Reprogramming of cell fate: epigenetic memory and the erasure of memories past

Abstract

Cell identity is a reflection of a cell type-specific gene expression profile, and consequently, cell type-specific transcription factor networks are considered to be at the heart of a given cellular phenotype. Although generally stable, cell identity can be reprogrammed in vitro by forced changes to the transcriptional network, the most dramatic example of which was shown by the induction of pluripotency in somatic cells by the ectopic expression of defined transcription factors alone. Although changes to cell fate can be achieved in this way, the efficiency of such conversion remains very low, in large part due to specific chromatin signatures constituting an epigenetic barrier to the transcription factor-mediated reprogramming processes. Here we discuss the two-way relationship between transcription factor binding and chromatin structure during cell fate reprogramming. We additionally explore the potential roles and mechanisms by which histone variants, chromatin remodelling enzymes, and histone and DNA modifications contribute to the stability of cell identity and/or provide a permissive environment for cell fate change during cellular reprogramming.
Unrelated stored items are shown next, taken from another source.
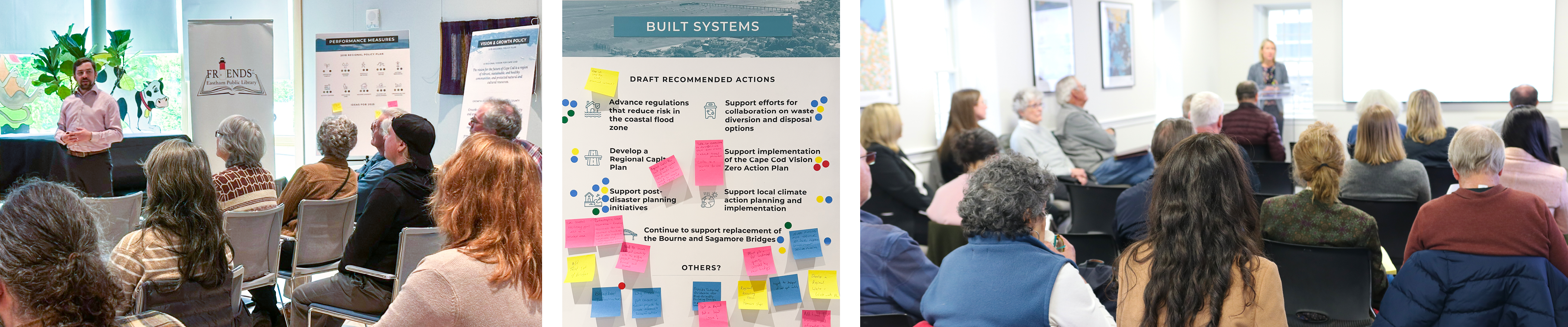 Public update meetings were held in March to provide an overview of the process to date and get feedback and input from attendees. Based on input from these meetings, the focus groups, the survey, and other comments received to date, Commission staff drafted potential changes. Subregional meetings on those proposed changes were held in May. Feedback on the proposed changes was incorporated into a completed draft, which was released for a public comment period after review from the Regional Policy Plan subcommittee and Cape Cod Commission in June 2025. During the public comment period there were additional public hearings and further opportunities to obtain feedback on the completed draft. Based on feedback received on the draft, the RPP was refined and was presented to the Cape Cod Commission, Assembly of Delegates, and Barnstable County Commissioners for approval and adoption as a county ordinance.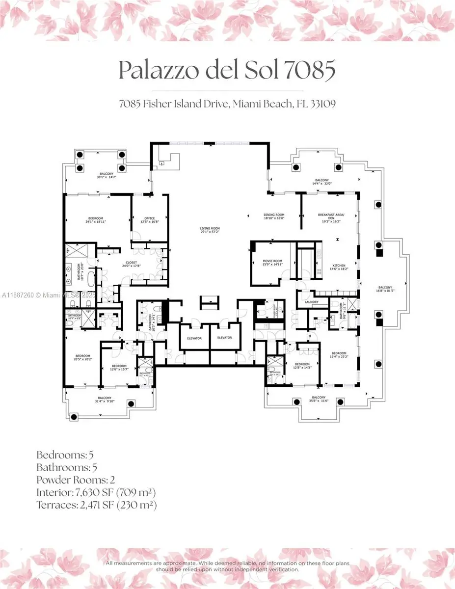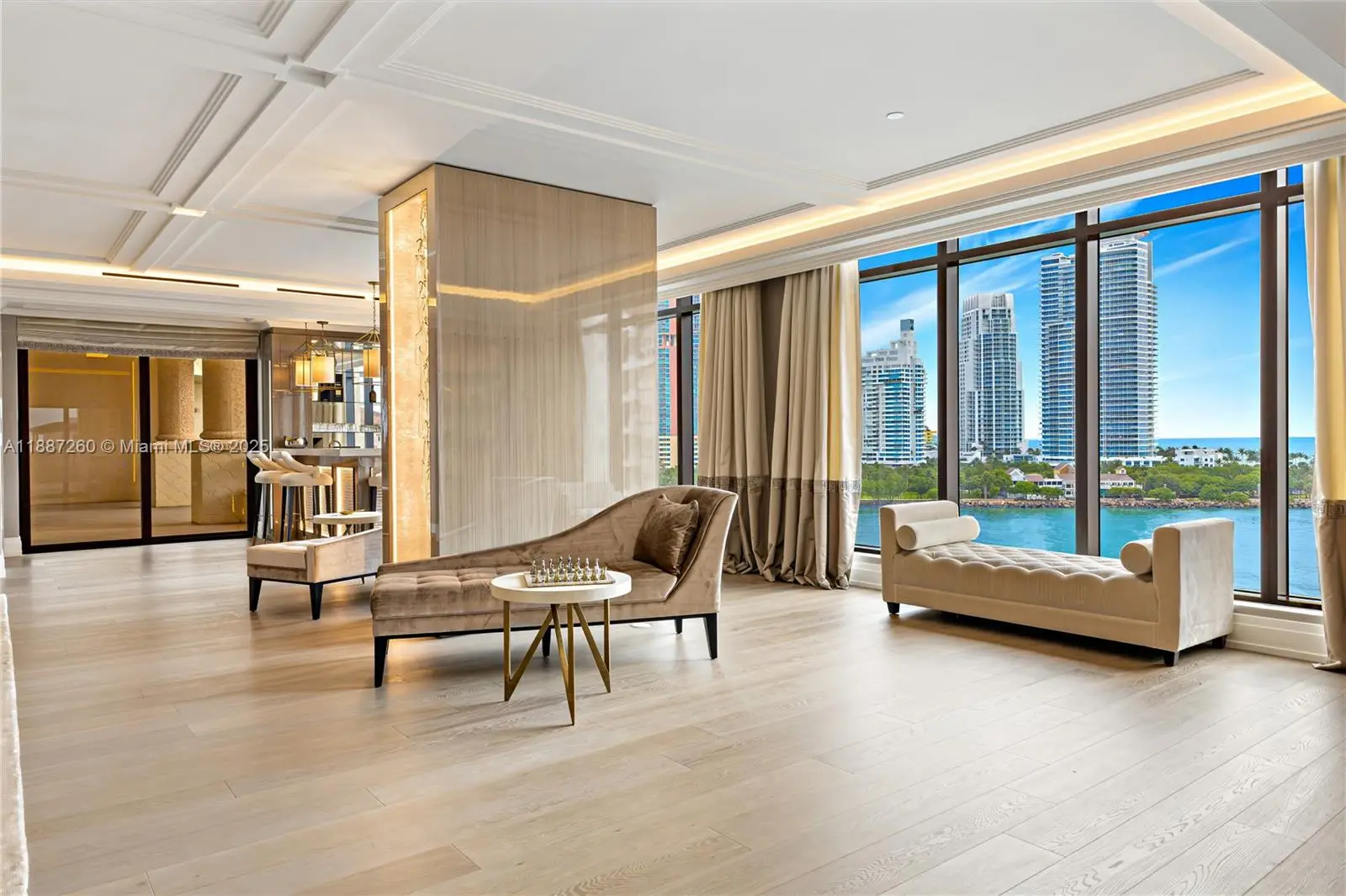 EXPERIENCE THE EPITOME OF LUXURIOUS INTERIOR ARCHITECTURE & DESIGN AT PALAZZO DEL SOL FROM THIS SPRAWLING RESIDENCE BY AWARD-WINNING DÔME INTERIORS OF GENEVA! Unmatched Classic Swiss Elegance from this 5 Bed + 6.5 Bath Residence Spanning 7,630 SF of Living Area. Private Elevator Entry Greets you to an Open Living Area in Gold & Beige Tones with Mother-of-Pearl panels & custom-designed European Furnishings. Panoramic Views Overlooking the Ocean, Bay & Golf Course from 2,471 SF Wraparound Terraces. Custom Entertainment Bar with Lounge Area, Study & Theatre. Coffered Ceilings with Hidden Linear Diffusers. White Oak Flooring. Dining Area with Hand-Painted Panorama Wallpaper & Handmade Chandelier. European Boffi Eat-In Kitchen wrapped in slabs of Onyx & features Sub-Zero + Gagganeau Appliances. Wine Cellar. Primary Bedroom features Hand Painted Wallpaper, Glass Pendants & Sconces by Ochre. Massive Custom Swiss Dressing Room with Backlit Glass Displays. Primary Bath wrapped in Book-Matched White Carrara Marble, Double Vanity Sink, Custom Fisher Island Boffi Soaking Tub & Rain shower. Secondary Bedrooms in Ocean-Inspired Tones. Sultry Powder Room with Leather Walls & Black Galaxy Granite Countertop. 2 Parking Spaces + 1 Golf Cart Space. Building Amenities & Services include Butler-Serviced Aperitivo Bar & Lounge, Theater, Hair & Makeup Salon, Private Massage Rooms, Business Center, Gym & Cardio Room, Kidville Playroom, Concierge, Valet, Zero-Edge Pool & Spa with Attendant.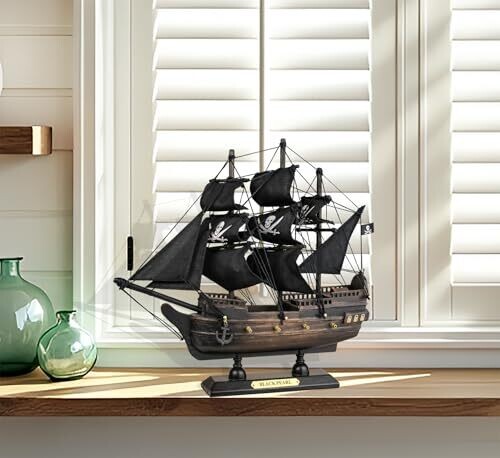 • SAILINGSTORY Black Pearl Pirate Ship Model – 10-Inch Handcrafted Decor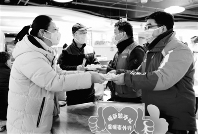 冬至来临之际,崇文门外街道总工会为辖区的新就业形态劳动者准备了“爱心水饺”。职工凭地区“党心E家”卡扫码,即可免费获得一份“爱心水饺”。图为街道工会干部把水饺送到职工的手中。万玉藻 摄影报道

Keywords: cell fate; chromatin; induced pluripotent stem cells; reprogramming; transcription factors.

Figure 1

Relationship between transcription factors and chromatin configuration during cell reprogramming (A) Pioneer transcription factors (TFs) are known to reshape the chromatin landscape in the regions where they bind, both by enabling the binding of other TFs and through direct recruitment of various histone modifiers. In addition, the binding of both pioneer and non-pioneer TFs is known to induce locus-specific DNA demethylation. (B) Closed inaccessible chromatin in the original somatic cell type, marked by repressive histone modifications and DNA methylation, hinders the initial engagement of reprogramming-associated TFs. In turn, the activity of chromatin-modifying enzymes results in a permissive chromatin configuration that allows for fast and effective engagement of the introduced TFs, enabling efficient reprogramming.

Figure 2

Chromatin components and modifiers affecting reprogramming efficiency Reprogramming requires the establishment of permissive chromatin and is associated with chromatin opening and changes to histone and DNA modifications. Multiple factors have been implicated in these processes: marked in green and red are factors whose presence/activity is associated with increased and decreased reprogramming efficiency, respectively; marked in purple are those factors whose presence/activity has been shown to both increase and decrease reprogramming efficiency in a context-dependent manner; factors whose influence on reprogramming requires further investigation are marked by (?).

Figure 3

Is transition through a state characterised by open, dynamic chromatin a pre-requisite for all cell fate transitions? (A) Reprogramming to pluripotency appears to require increased chromatin plasticity. (B, C) Possible relationship between chromatin dynamics and trans-differentiation: (B) trans-differentiation via an upstream progenitor may be connected with a transient increase in chromatin permissiveness, and/or (C) direct trans-differentiation between two somatic states without transition through an intermediary state characterised by more plastic chromatin may be possible, although this has yet to be experimentally validated.